Directions for this task: Given the entries below, would you transcribe exactly the lines starting at the one with "Lista odmian zalecanych" and ending at the one with "Tired of people", both kept, pictures omitted, nothing extra?

*** Data listing Section Begins ***

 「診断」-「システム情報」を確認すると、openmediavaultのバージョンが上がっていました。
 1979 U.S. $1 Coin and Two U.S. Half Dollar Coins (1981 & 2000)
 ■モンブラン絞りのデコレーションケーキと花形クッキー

*** Data listing Section Ends ***
*** Data listing Section Begins ***

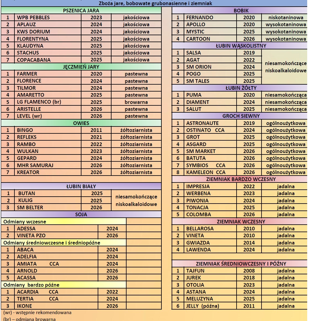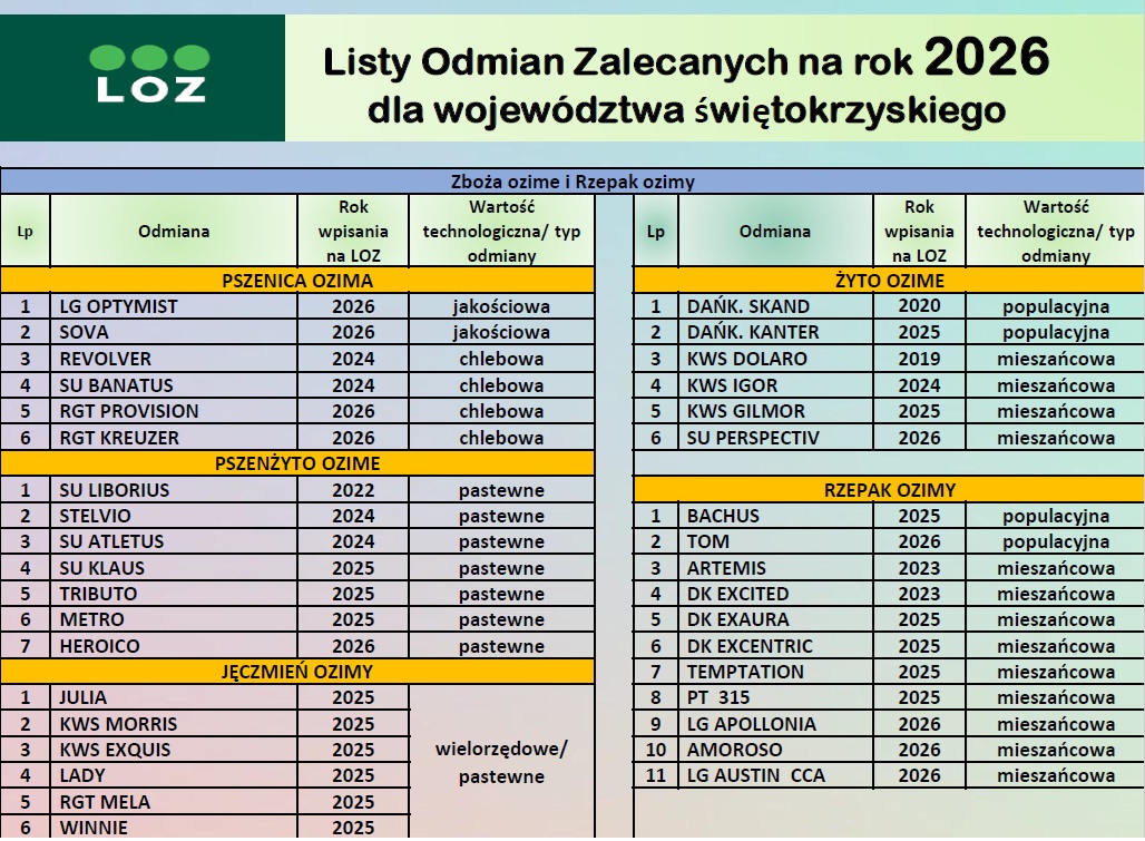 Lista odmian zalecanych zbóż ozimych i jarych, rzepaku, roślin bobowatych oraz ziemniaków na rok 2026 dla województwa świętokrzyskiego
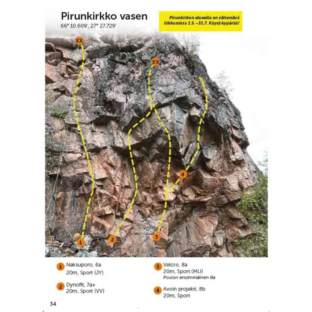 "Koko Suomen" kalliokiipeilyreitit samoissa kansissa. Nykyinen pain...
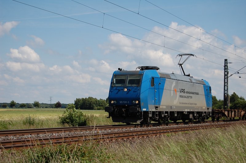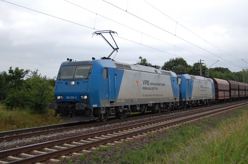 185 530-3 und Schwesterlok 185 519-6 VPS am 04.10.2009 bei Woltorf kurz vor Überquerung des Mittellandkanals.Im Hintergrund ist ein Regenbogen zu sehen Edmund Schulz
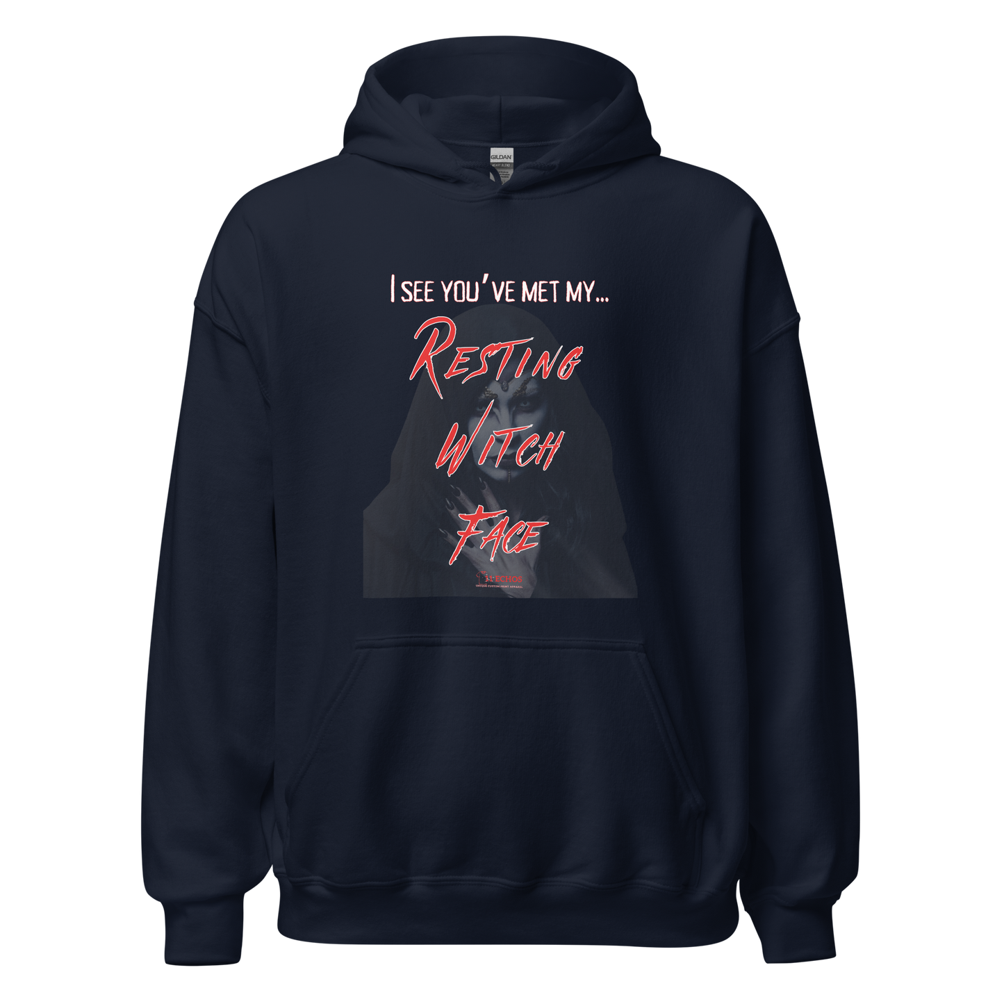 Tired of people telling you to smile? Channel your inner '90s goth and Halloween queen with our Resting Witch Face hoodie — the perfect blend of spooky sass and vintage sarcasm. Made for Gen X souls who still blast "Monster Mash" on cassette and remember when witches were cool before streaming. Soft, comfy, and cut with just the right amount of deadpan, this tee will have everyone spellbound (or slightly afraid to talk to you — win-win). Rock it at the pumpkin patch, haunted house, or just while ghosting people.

*** Data listing Section Ends ***

Task response:
 Lista odmian zalecanych zbóż ozimych i jarych, rzepaku, roślin bobowatych oraz ziemniaków na rok 2026 dla województwa świętokrzyskiego
 "Koko Suomen" kalliokiipeilyreitit samoissa kansissa. Nykyinen pain...
 185 530-3 und Schwesterlok 185 519-6 VPS am 04.10.2009 bei Woltorf kurz vor Überquerung des Mittellandkanals.Im Hintergrund ist ein Regenbogen zu sehen Edmund Schulz
 Tired of people telling you to smile? Channel your inner '90s goth and Halloween queen with our Resting Witch Face hoodie — the perfect blend of spooky sass and vintage sarcasm. Made for Gen X souls who still blast "Monster Mash" on cassette and remember when witches were cool before streaming. Soft, comfy, and cut with just the right amount of deadpan, this tee will have everyone spellbound (or slightly afraid to talk to you — win-win). Rock it at the pumpkin patch, haunted house, or just while ghosting people.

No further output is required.